Ehi, forza che sei sulla strada giusta! Leggendo il tuo post, si vede che hai una bella determinazione e stai mettendo impegno sia in palestra che in cucina. Il tuo piano alimentare sembra solido: roba pulita, proteine magre, carboidrati complessi e grassi sani. Per uno con un metabolismo veloce come il tuo, mangiare tanto e bene è fondamentale, e mi pare che tu stia facendo un ottimo lavoro. Però, visto che dici di non crescere abbastanza, magari possiamo guardare qualche dettaglio in più e aggiungere un tocco di magia con il bodyflex, che secondo me può darti una marcia in più.
Prima di tutto, complimenti per la costanza con gli allenamenti pesanti! Squat, stacchi e panca sono il top per costruire massa. Però, se senti che i risultati tardano, potrebbe essere che il tuo corpo ha bisogno di un po’ più di recupero o di varietà. Il bodyflex, che io adoro, potrebbe essere un’aggiunta perfetta. Non sto dicendo di mollare i pesi, assolutamente, ma di integrare. Le tecniche di respirazione profonda abbinate a esercizi di allungamento e tenuta, tipo la posizione della plancia (non proprio la classica, ma una versione dinamica con focus sul respiro), possono fare meraviglie. Questo tipo di lavoro ossigena i muscoli, migliora la resistenza e, cosa importante per te, aiuta a scolpire senza aggiungere grasso. Io, per esempio, faccio 15-20 minuti di bodyflex al mattino, concentrandomi su respiri profondi e contrazioni lente, e sento i muscoli più pieni e definiti.

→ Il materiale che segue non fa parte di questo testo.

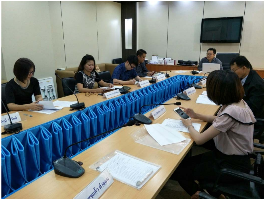
ภาพ 4 ภาพการสัมมนาผู้เชี่ยวชาญ พิจารณา “ร่าง” แนวทางการพัฒนากระบวนการพัฒนาหลักสูตร ของมหาวิทยาลัยราชภัฏพิบูลสงคราม วันศุกร์ที่ 12 พฤษภาคม พ.ศ. 2560 เวลา 13.00 น.
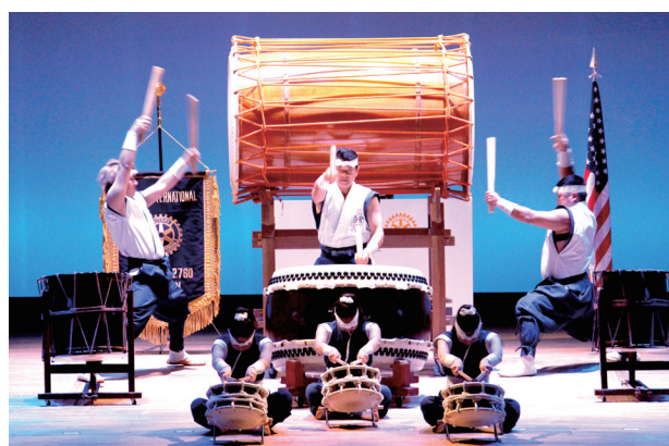
記念講演オープニングアトラクション 松平わ太鼓
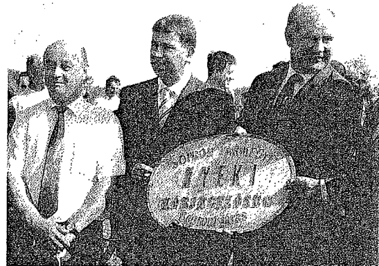
Történelmi emlék az egykori Nyéki Körjegyzőség táblája, melyet Nyék polgármestere hozott magával a határnyitásra

Nagy izgalomban kevés kép készült az éjféle találkozón, pedig nyéki barátaink mindent elkövettek, hogy ne kelljen a sötétben tapogatózni egymás köszöntő kézszorításához. Neckenmarkt község tűzoltói olyan szerkocsival vonultak fel, mely szinte nappali világítást biztosított. Megoldódtak a másik szavait kereső nyelvek, de szavak nélkül is megértettük egymást. Az eredetileg elképzelt, csupán a két képviselő-testület találkozásából, nagy színes kavalkád kerekedett. Nyékről és Harkáról is egymás után érkeztek résztvevők, akik egy-egy flaska borral, kosárka frissen sült pogácsával kedveskedtek a már korábban érkezőknek. Mintha ezekben a percekben pótolni szerettek volna sok-sok évet.
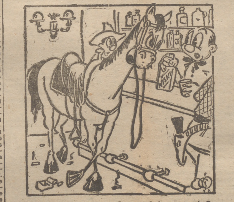
—No tiene usted algo más apropiado para mí?—
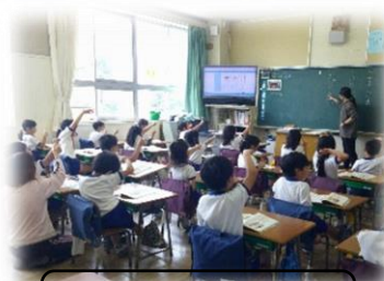
学習補助:小1対応講師
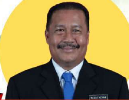
EN. MEGAT MUHAMMAD AZHAN BIN MEGAT RAFIE PENOLONG PENGARAH SAINS SOSIAL
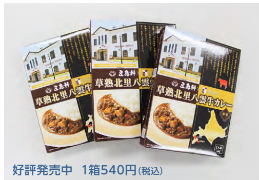
好評発売中 1箱540円(税込)

新しくなった『草熟北里八雲牛カレー』は、100%自給飼料を使い八雲牧場で育てた牛の、品質にこだわった赤身肉を、函館にある老舗レストラン『五島軒』とコラボレーションし、地元食材を活かしてじっくりと煮込んで仕上げた特製ビーフカレーです。ぜひお召し上がりください。
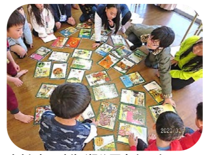
大判(A4判)瀬谷歴史かるた いつもと違ったかるたで大盛り上がり!
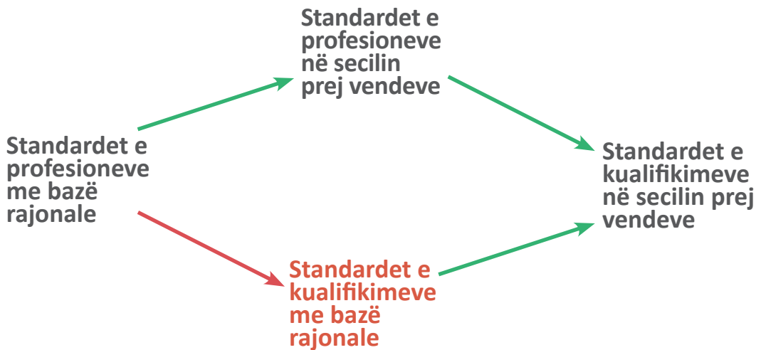
Diagrami 1: Kudri metodologjik për zhvillimin e standardeve të kualifikimeve me bazë rajonale

Metodologjia përshkruan procedurën që përbëhet nga katër hapa si dhe hapin pasues në procesin e zhvillimit të standardeve të kualifikimeve me bazë rajonale.

Sul cibo, stai andando forte, ma magari puoi giocare un po’ con i tempi e le quantità. Con un metabolismo come il tuo, prova a fare pasti più frequenti, tipo ogni 2-3 ore, per tenere il motore sempre acceso. Magari aggiungi uno spuntino pre-allenamento con carboidrati veloci, come una banana o del pane integrale con un filo di miele, per avere più energia in palestra. Dopo l’allenamento, punta su proteine e carboidrati entro 30-40 minuti: un frullato con whey, avena e un po’ di frutta è una bomba. E non sottovalutare il riposo: dormire 7-8 ore è cruciale per far crescere i muscoli.
Un’altra cosa che ti consiglio è di ascoltare il tuo corpo. Se ti sembra di spingere tanto ma non cresci, magari stai stressando troppo i muscoli. Prova a periodizzare: fai 3 settimane di allenamenti pesanti e una più leggera, con meno peso e più ripetizioni, per recuperare. E qui il bodyflex può aiutarti a mantenere il tono senza sovraccaricare. Per esempio, esercizi come la “plancia respiratoria” (inspiri profondamente, trattieni e contrai l’addome) ti aiutano a rafforzare il core e a migliorare la postura, che è oro per squat e stacchi.
Infine, misura i progressi non solo con lo specchio, ma con un metro da sarto e un diario degli allenamenti. A volte i muscoli crescono, ma non ce ne accorgiamo subito. Tu continua a spingere, mangia tanto e pulito, e prova a inserire un po’ di bodyflex per dare una scossa al tuo corpo. Se vuoi, ti passo un paio di esercizi specifici di respirazione che faccio io, fammi sapere! Dai che i risultati arrivano, sei un guerriero!